▶ [Task to carry out] Your answer must be only the lines below from the one containing "tetőkárpit Kisebb szennyeződés" through the one containing "ENTSPANNEND: Zeit in", copied exactly, with the pictures left out.
───── Given records ─────
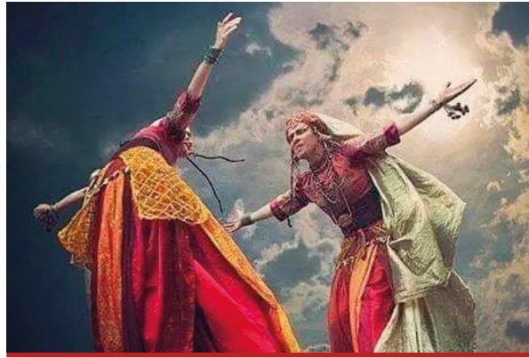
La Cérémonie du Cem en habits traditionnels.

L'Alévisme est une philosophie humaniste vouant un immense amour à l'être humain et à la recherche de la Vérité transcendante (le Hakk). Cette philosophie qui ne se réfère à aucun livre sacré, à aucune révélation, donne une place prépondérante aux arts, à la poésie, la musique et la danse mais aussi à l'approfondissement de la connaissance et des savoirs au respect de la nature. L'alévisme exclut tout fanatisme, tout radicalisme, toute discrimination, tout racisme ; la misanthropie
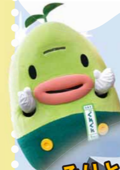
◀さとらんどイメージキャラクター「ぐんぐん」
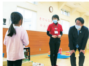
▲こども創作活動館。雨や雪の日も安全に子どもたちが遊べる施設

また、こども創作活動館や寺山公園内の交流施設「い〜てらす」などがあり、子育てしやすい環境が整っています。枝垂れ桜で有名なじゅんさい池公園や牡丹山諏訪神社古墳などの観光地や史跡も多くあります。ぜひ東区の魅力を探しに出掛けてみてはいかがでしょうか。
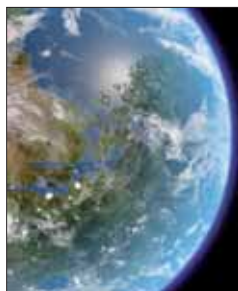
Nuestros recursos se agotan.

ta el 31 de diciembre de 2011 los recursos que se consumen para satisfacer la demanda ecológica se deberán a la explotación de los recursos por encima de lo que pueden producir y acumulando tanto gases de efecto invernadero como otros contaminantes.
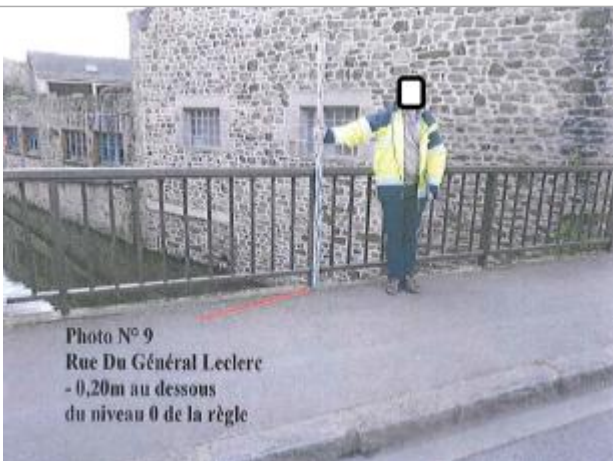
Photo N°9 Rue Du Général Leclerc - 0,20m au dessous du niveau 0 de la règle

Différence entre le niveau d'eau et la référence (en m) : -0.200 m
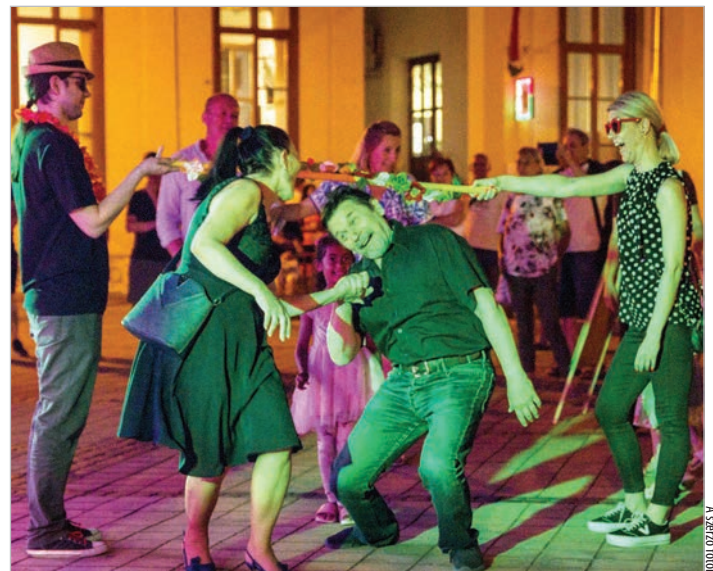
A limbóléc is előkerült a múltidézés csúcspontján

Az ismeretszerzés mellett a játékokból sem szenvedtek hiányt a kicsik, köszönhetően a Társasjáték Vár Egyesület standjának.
─────
───── Given records ─────
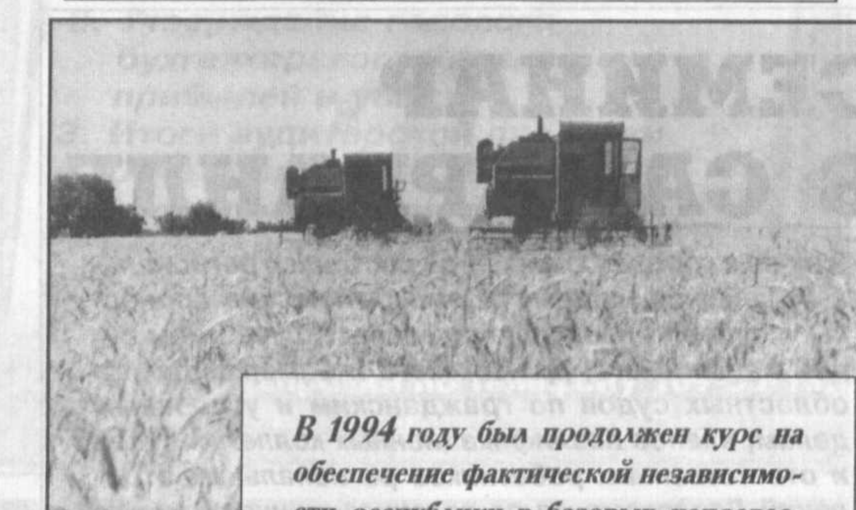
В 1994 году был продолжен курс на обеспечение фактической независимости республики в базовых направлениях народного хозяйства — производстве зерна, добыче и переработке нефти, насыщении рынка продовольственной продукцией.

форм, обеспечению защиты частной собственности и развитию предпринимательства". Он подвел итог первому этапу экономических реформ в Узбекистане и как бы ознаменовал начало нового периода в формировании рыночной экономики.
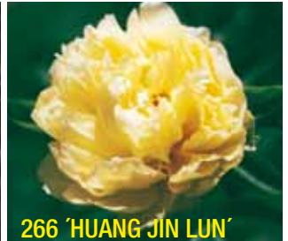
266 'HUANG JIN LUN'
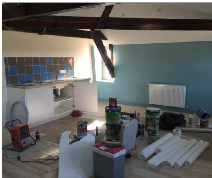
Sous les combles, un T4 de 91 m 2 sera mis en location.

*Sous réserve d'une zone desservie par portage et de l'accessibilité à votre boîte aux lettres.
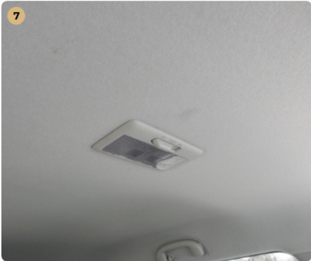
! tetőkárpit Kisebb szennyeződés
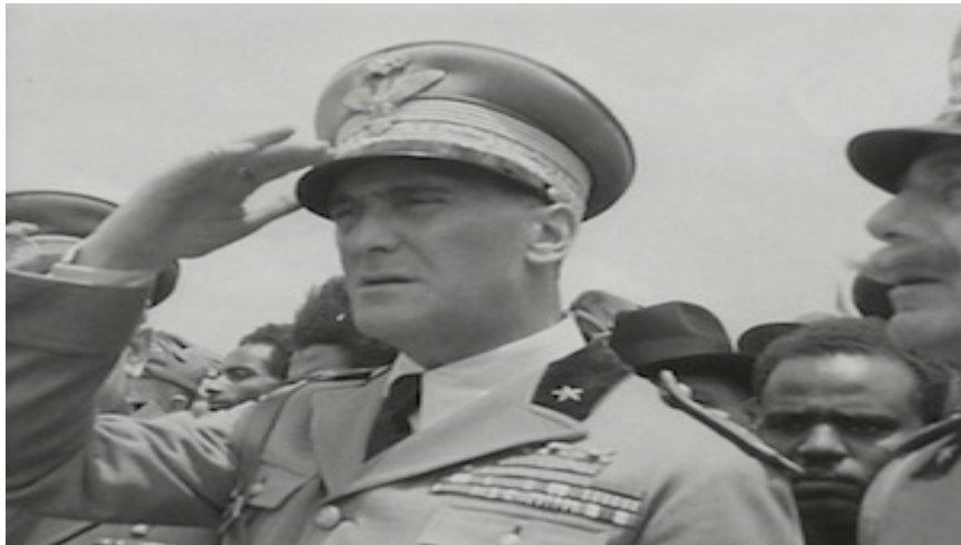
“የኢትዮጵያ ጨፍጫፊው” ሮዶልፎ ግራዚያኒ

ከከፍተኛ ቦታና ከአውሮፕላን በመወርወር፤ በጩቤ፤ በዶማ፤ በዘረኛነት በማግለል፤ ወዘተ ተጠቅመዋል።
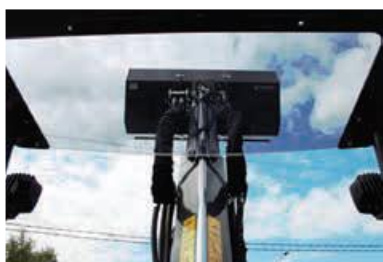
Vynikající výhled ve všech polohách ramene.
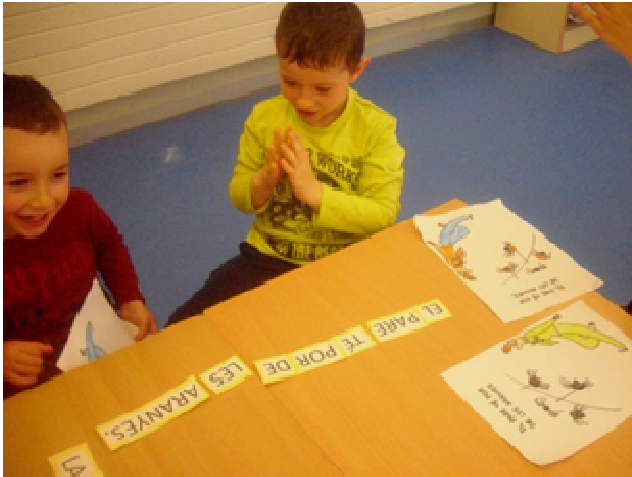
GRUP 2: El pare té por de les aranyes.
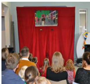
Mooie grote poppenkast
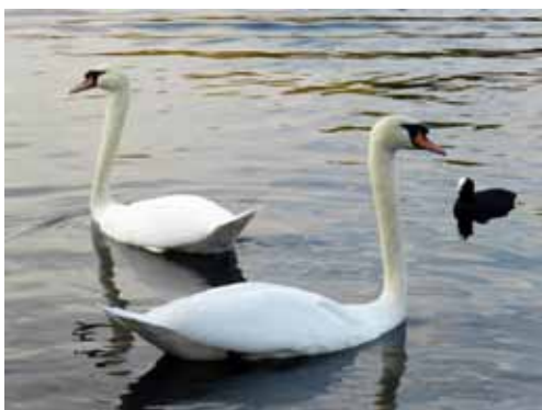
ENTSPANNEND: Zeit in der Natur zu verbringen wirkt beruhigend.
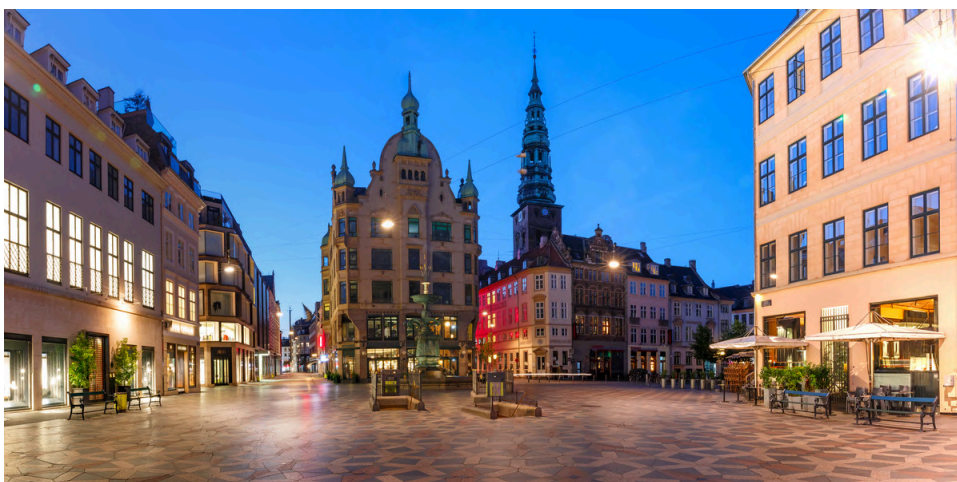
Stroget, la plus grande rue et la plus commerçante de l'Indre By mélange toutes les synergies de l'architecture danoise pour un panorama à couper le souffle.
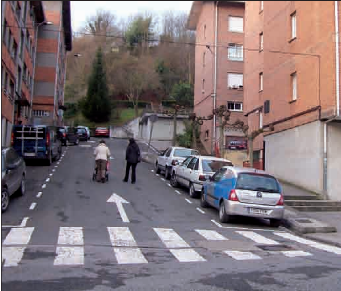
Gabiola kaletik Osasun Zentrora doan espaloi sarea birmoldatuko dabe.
─────
▶ [Exercise result]
! tetőkárpit Kisebb szennyeződés
“የኢትዮጵያ ጨፍጫፊው” ሮዶልፎ ግራዚያኒ

ከከፍተኛ ቦታና ከአውሮፕላን በመወርወር፤ በጩቤ፤ በዶማ፤ በዘረኛነት በማግለል፤ ወዘተ ተጠቅመዋል።
Vynikající výhled ve všech polohách ramene.
GRUP 2: El pare té por de les aranyes.
Mooie grote poppenkast
ENTSPANNEND: Zeit in der Natur zu verbringen wirkt beruhigend.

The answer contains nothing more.